Genequest and Fujitsu discover brand-new insights into genetics-lifestyle relationships through high-speed, trusted causal AI from Fujitsu Kozuchi
Tokyo and Kawasaki, Japan, October 9, 2025- (JCN Newswire)-Genequest Inc. and Fujitsu Limited today revealed the discovery of brand-new insights into the causal relationships in between genes and way of life. The research study made use of causal AI, a core innovation of Fujitsu’s AI service Fujitsu Kozuchi.
Causal AI includes 3 primary functions: high-speed causal discovery, which approximates the causal relationships in between information around 1,000 x faster than traditional innovations (1) dependability improvement, which boosts information with the addition of recognized causal understanding (e.g., skilled understanding and previous speculative outcomes) and determine proposition which not just envisions causal relationships through standard analysis however likewise proposes ideal procedures.
By making use of causal AI, the celebrations obtained a multi-faceted causal structure relating to not just specific connections however likewise the relationship in between choice for sweet foods, coffee and alcohol usage frequency, and their involved hereditary characteristics, along with the effect of hereditary aspects on body mass index (BMI). Furthermore, by repurposing the Hirosaki Health Checkup Causal Network Model (2 ), established by Kyoto University and Hirosaki University in partnership with the latter’s Iwaki Health Promotion Project COI-NEXT, and using it to the dependability improvement function, the research study had the ability to recommend more exact causal relationships in between way of life routines, health, and background aspects. The usage of the Hirosaki Health Checkup Causal Network Model was enabled through the collective research study course Large Scale Medical AI (Fujitsu Research Lab.) (3) by Kyoto University and Fujitsu.
Based upon these approximated causal relationships, it is hoped that the step proposition function will have the ability to recommend separately enhanced health steps customized to individual food choices, way of life practices, body, and hereditary attributes.
Moving on, Genequest will continue to advance multi-faceted research study by integrating surveys, health examinations, and medical details and intends to add to the expedition of tailored health promo and illness avoidance methods.
Fujitsu’s causal AI is an effective tool for drawing out brand-new insights from complicated information and supporting decision-making throughout a large range of fields, not restricted to medical and hereditary domains. Fujitsu will accelerate its efforts to fix obstacles and produce brand-new worth in numerous markets.
Yasushi Okuno, Professor, Graduate School of Medicine, Kyoto University remarks:
“The onset of diseases is deeply intertwined with genetic function and living environment. However, the relationship between these two factors and disease onset is complex, and many aspects remain unknown. This initiative is an important step towards elucidating objective causes of disease based on data and deepening our understanding of disease onset. We have high expectations that this will contribute to the realization of personalized preventive measures and effective approaches.”

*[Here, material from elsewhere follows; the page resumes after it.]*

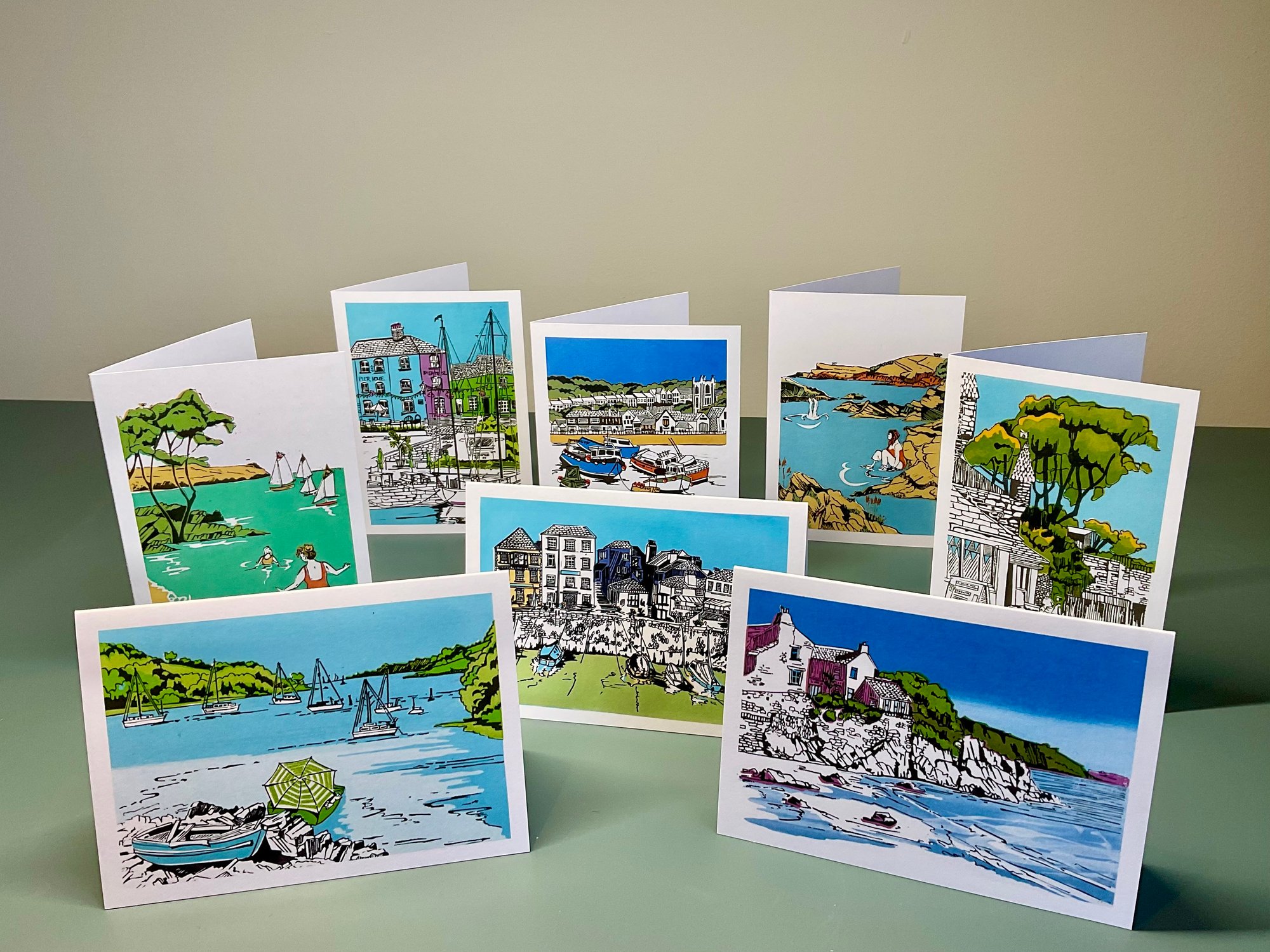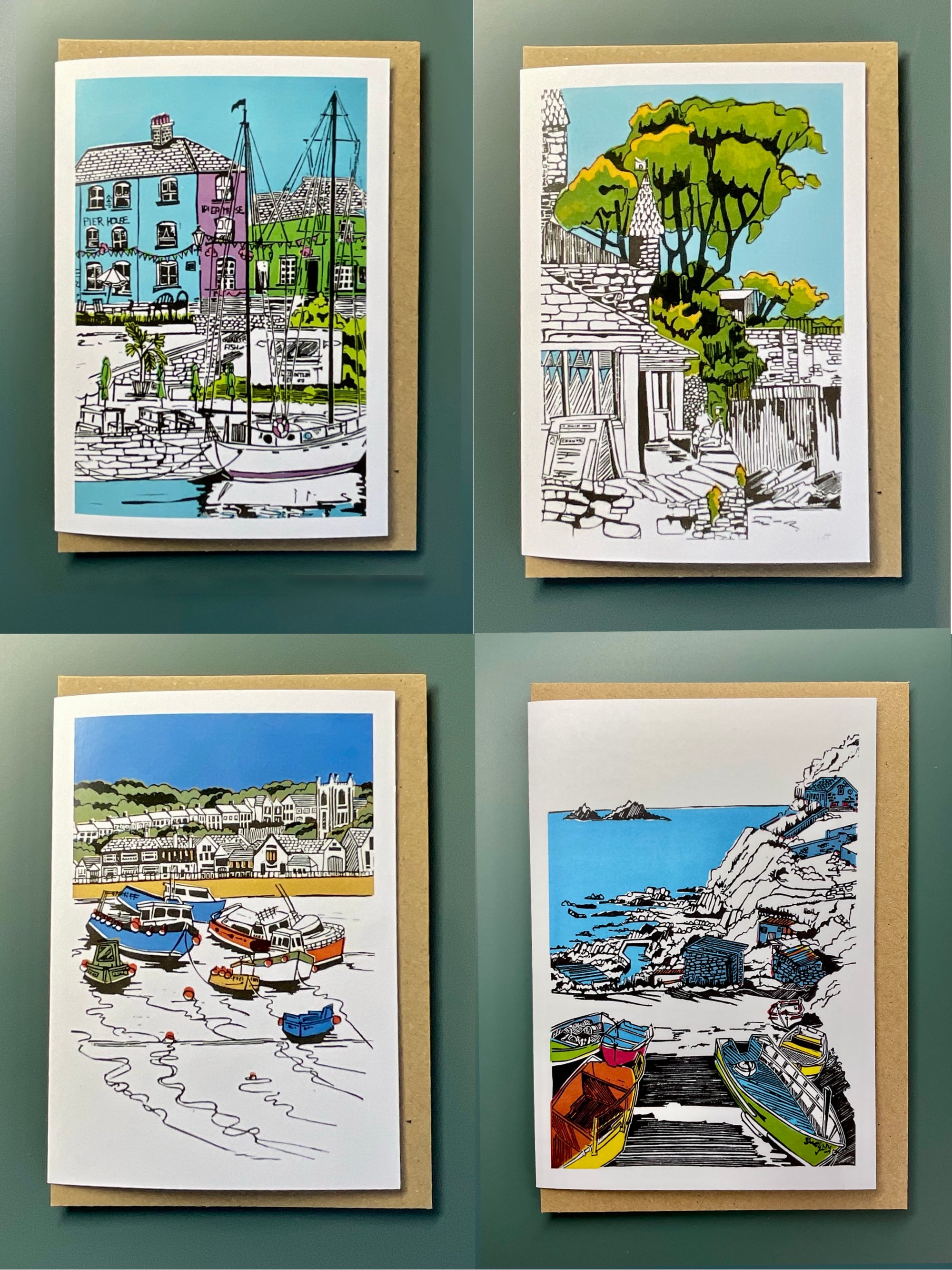 A6 greetings cards featuring my original artworks, digitally printed in Cornwall.
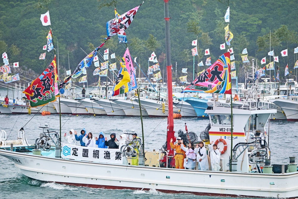 海上歓迎行事では、歓迎船による漁船披露及び漁船による三重県を代表する漁法等を紹介するパレードをご覧になり、お手を振ってお応えになりました。

Koichi Murashita, Vice-President, Professor Vice-Director, Institute of Global Well-being Science Director-General, Research Institute of Health Innovation Hirosaki University remarks:
“At Hirosaki University COI-NEXT, we are working to additional reinforce the research study and social worth of our thorough real-world information platform, fixated the multi-dimensional health huge information (3,000 products) collected through the Iwaki Health Promotion Project health examinations, and to produce real social development. We are extremely happy that the research study results using our huge information have actually combined with advanced innovation to develop brand-new understanding. We have high expectations that these outcomes will add to the advancement of preventive medication and the enhancement of international wellness.”
Figure: Overview of the research study
Research study Overview
With developments in genome science, lots of connections in between genes and physical constitution/behavior have actually been reported. Diving much deeper into causal relationships– what triggers what, and through what systems impacts take place– has actually been challenging as it needs thinking about the impact of several aspects. Especially in locations including complicated aspects such as food choices, way of life practices, and body, accurate information analysis is needed.
In this research study, Genequest’s comprehensive hereditary and survey information were integrated with Fujitsu’s causal AI, making use of Fujitsu’s high-speed causal discovery function to examine these intricate causal systems more deeply. This showed the capability to exactly evaluate covert aspects within complicated relationships and the interactions in between numerous aspects, adding to the production of brand-new worth.
Outcomes
In this research study, causal analysis was performed mostly in the following 2 locations, utilizing hereditary information and survey information from around 4,000 consenting people, and leveraging the dependability improvement function and step proposition operates offered by Fujitsu’s causal AI.
1. Relationship in between hereditary qualities connected to alcohol metabolic process and consuming routines
While hereditary aspects were formerly recommended to affect a choice for sweet foods and coffee consumption, analysis utilizing causal AI exposed that the association is most likely moderated mostly by drinking frequency, instead of entirely by hereditary alcohol tolerance. For coffee intake frequency, no direct link to drinking frequency was observed, recommending that hereditary alcohol tolerance might be an influencing element. This highlights the possible effect of particular hereditary characteristics on a person’s drink options.
2. Relationship in between hereditary characteristics connected to body, consuming practices, and BMI
Utilizing polygenic ratings, an index incorporating many hereditary elements associated with BMI, the causal relationship in between hereditary predisposition to weight problems, consuming routines, and BMI was evaluated. The outcomes recommended a direct association in between hereditary predisposition to weight problems and BMI, with its analytical effect being equivalent to that of sex and age. Small associations were likewise observed with food choices such as for fatty and sweet foods.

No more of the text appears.